Provar e expiar: eis as questões
O capítulo 3 de O Evangelho Segundo o
Espiritismo, terceira obra organizada por
Allan Kardec, fala sobre as diferentes
categorias de mundos habitados. Uma revelação e
tanto para os que não acreditavam em vida em
outros planetas. E isso no século 19! Imaginemos
a polêmica.
Para incrementar ainda mais a questão, Kardec
fundamenta seus argumentos numa passagem do Novo
Testamento.
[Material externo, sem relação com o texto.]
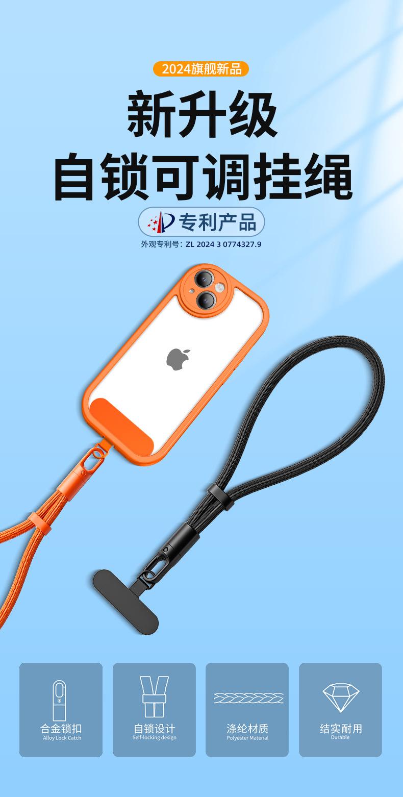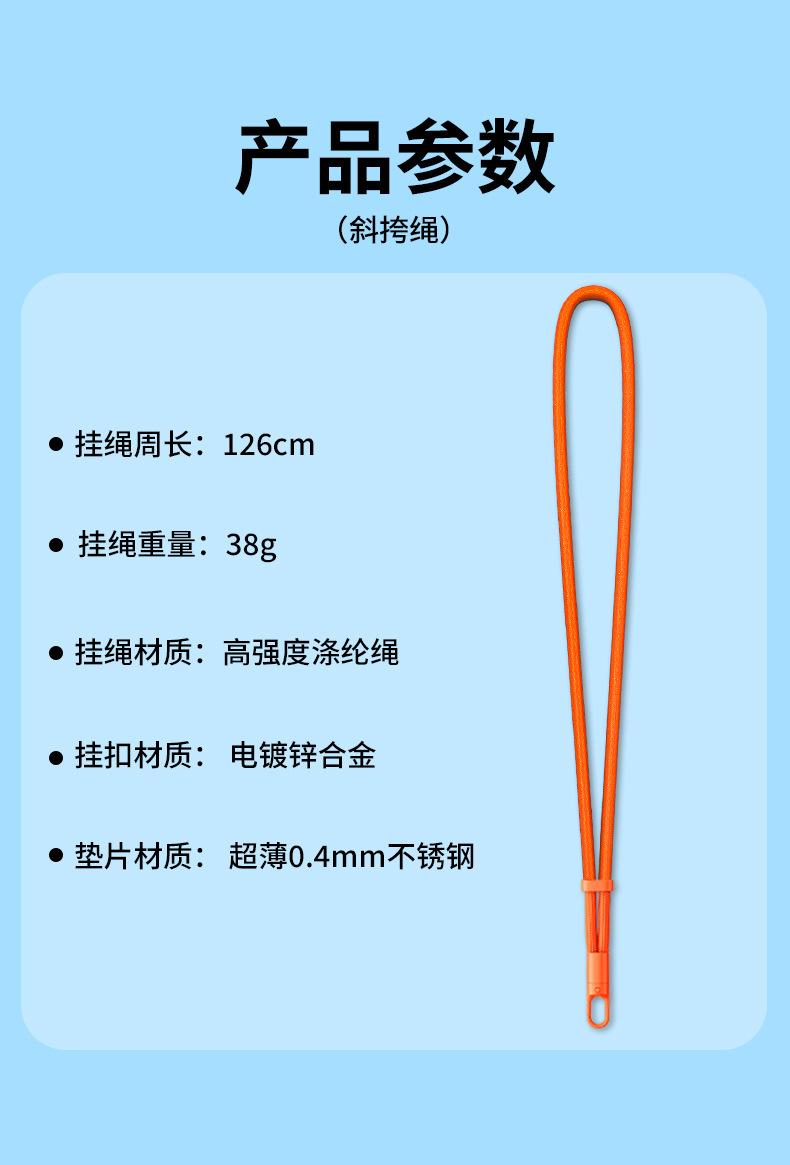 Adjustable crossbody cord [360 ° Rotate·emma orange】7mm thickened rope + stainless steel clip

Mais precisamente, no Evangelho de
João, cap. 13, versículos 1 a 3. Nesse trecho,
Jesus Cristo afirma: “Há muitas moradas na casa
de meu Pai”. Aprofundando o assunto, a obra
esclarece que existem cinco categorias de mundos
habitados: primitivos, de provas e expiações,
regeneradores, felizes e perfeitos.
Os mundos primitivos pertencem a uma etapa que
já superamos. Vide a era em que o planeta foi
habitado por dinossauros e pelos chamados homens
das cavernas. Não me deterei nos mundos felizes
e nos mundos perfeitos por um simples motivo:
ainda não chegamos lá. Por isso, nem eu nem
ninguém tem como falar a respeito. Seria o mesmo
que pedir para um aluno do ensino fundamental
discorrer sobre o currículo do doutorado.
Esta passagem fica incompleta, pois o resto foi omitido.